What will Israel prefer? Israel has no vote in the Council but even in this moment of deep U.S.-Israel tension, its views will help shape U.S. strategy. A deferral might appear to be a no-brainer for Israel, which is deeply concerned about an ICC investigation (and particularly about high-level prosecutions related to settlements). But a deferral would be a double-edged sword. It would remove the immediate pressure of an investigation but also render Israel dependent on annual Council reprieves to extend that deferral. Given this unappealing prospect, Israeli leaders might prefer to call the prosecutor’s bluff, calculating either that she won’t pursue high-level indictments or that Israel can effectively discredit the ICC process and endure the diplomatic damage.
Would any P5 member veto a deferral? Even if Washington leads the charge for a deferral, it will of course need to convince the other four veto-wielding permanent members. As ICC members, Britain and France would find themselves in an awkward position. Neither government wants an ICC investigation, but both are rhetorically committed to the court’s work and might hesitate before short-circuiting an investigation. Yet both governments have been open to the theoretical possibility of deferrals in other contexts (including in Uganda and Sudan), and they might well calculate that removing the explosive issue of Palestine from the court’s docket would actually be a service to the fragile young institution.
Russia and China would have a quite different set of incentives. They are not court members and have no interest in protecting the institution, which could well threaten them or their allies in the future. Both vocally supported unsuccessful deferral attempts in other contexts, including Kenya. But they would also be reluctant to help extricate the United States and Israel from the awkward position in which they find themselves.
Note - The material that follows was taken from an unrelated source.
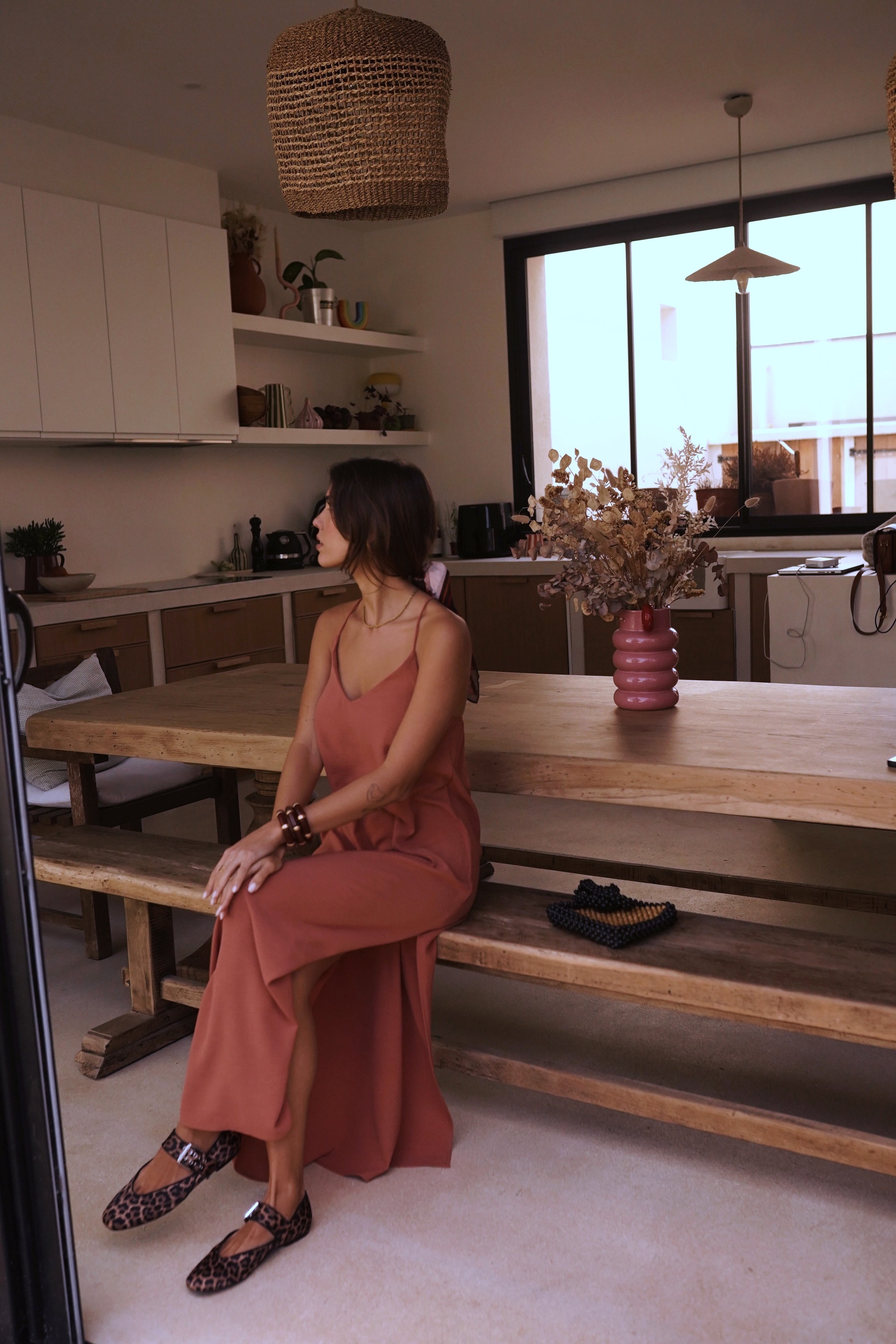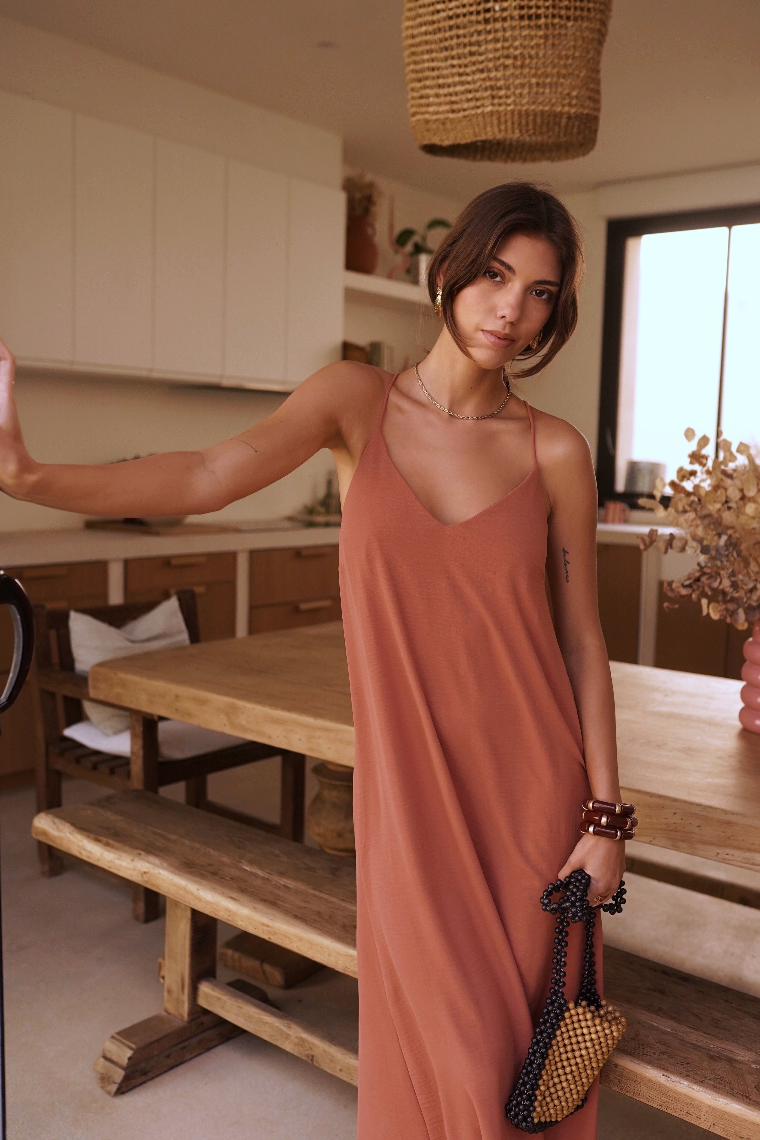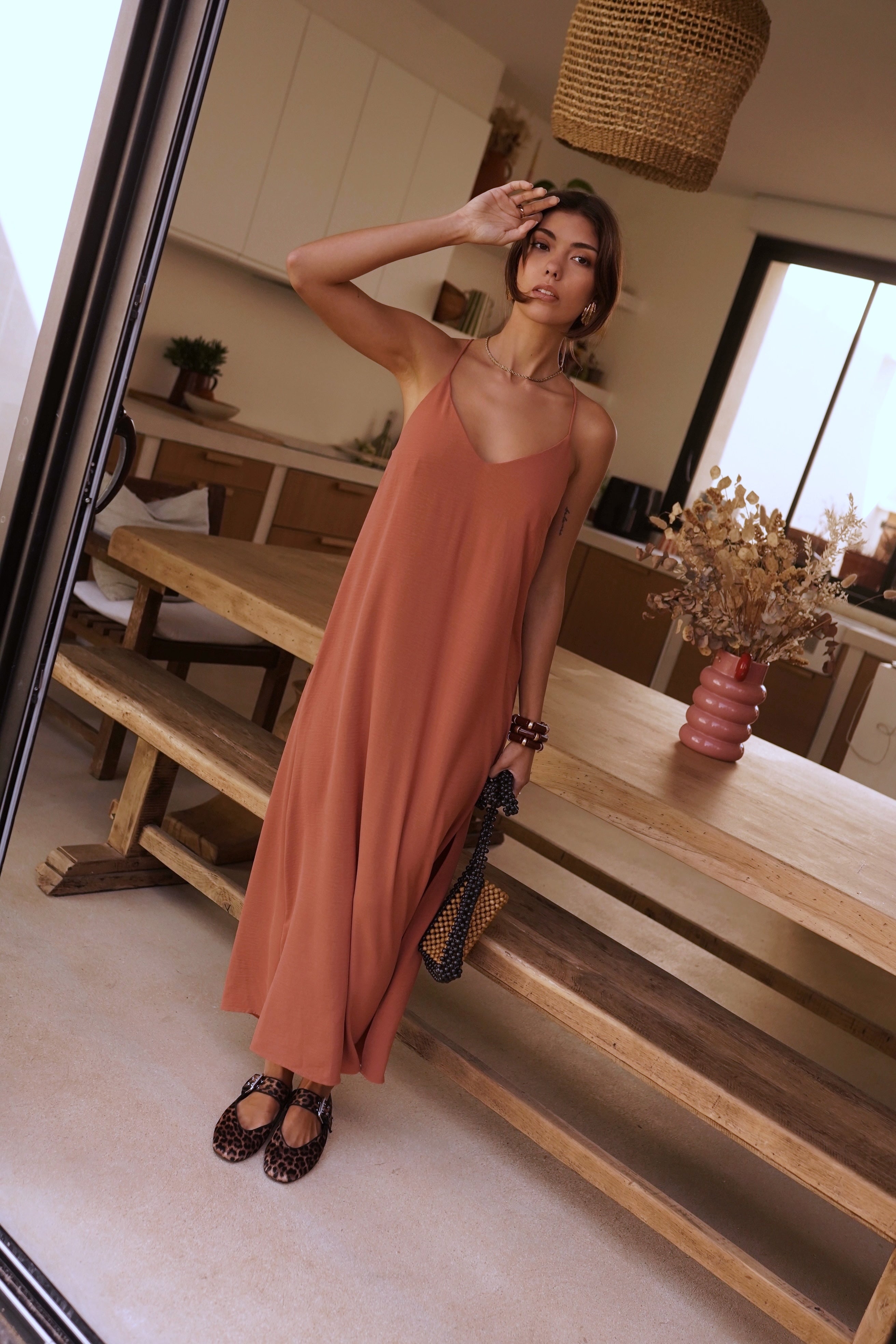 Minimaliste et sophistiquée, cette robe longue en teinte terracotta séduit par sa coupe fluide et légère. Son col en V et ses fines bretelles croisées dans le dos soulignent une silhouette élégante et aérienne. Fendue sur le côté, elle apporte une liberté de mouvement idéale pour un look décontracté et raffiné. Idéale pour les journées d’été ou les soirées en bord de mer.

The United States has criticized both governments for shielding Syria and North Korea from international justice; Moscow and Beijing are doubtless enjoying the spectacle of the United States and its close ally squirming under ICC scrutiny.
What would Washington give to get a deferral? In all four cases, then, Washington might need to offer something to the other P5 members to get an ICC deferral. What concessions would the United States be willing to make? The most likely scenario might be a package resolution that combines an ICC deferral with some elements of the draft European resolution proposed in December. That resolution reportedly would have set a two-year deadline for the completion of final-status negotiations. In keeping with its longstanding policy of keeping the Council away from the Mideast peace process, the United States did not support that draft. But the ICC factor could change the diplomatic equation: now Washington may be in the position of needing Council action, and it might just be willing to give some ground to get it.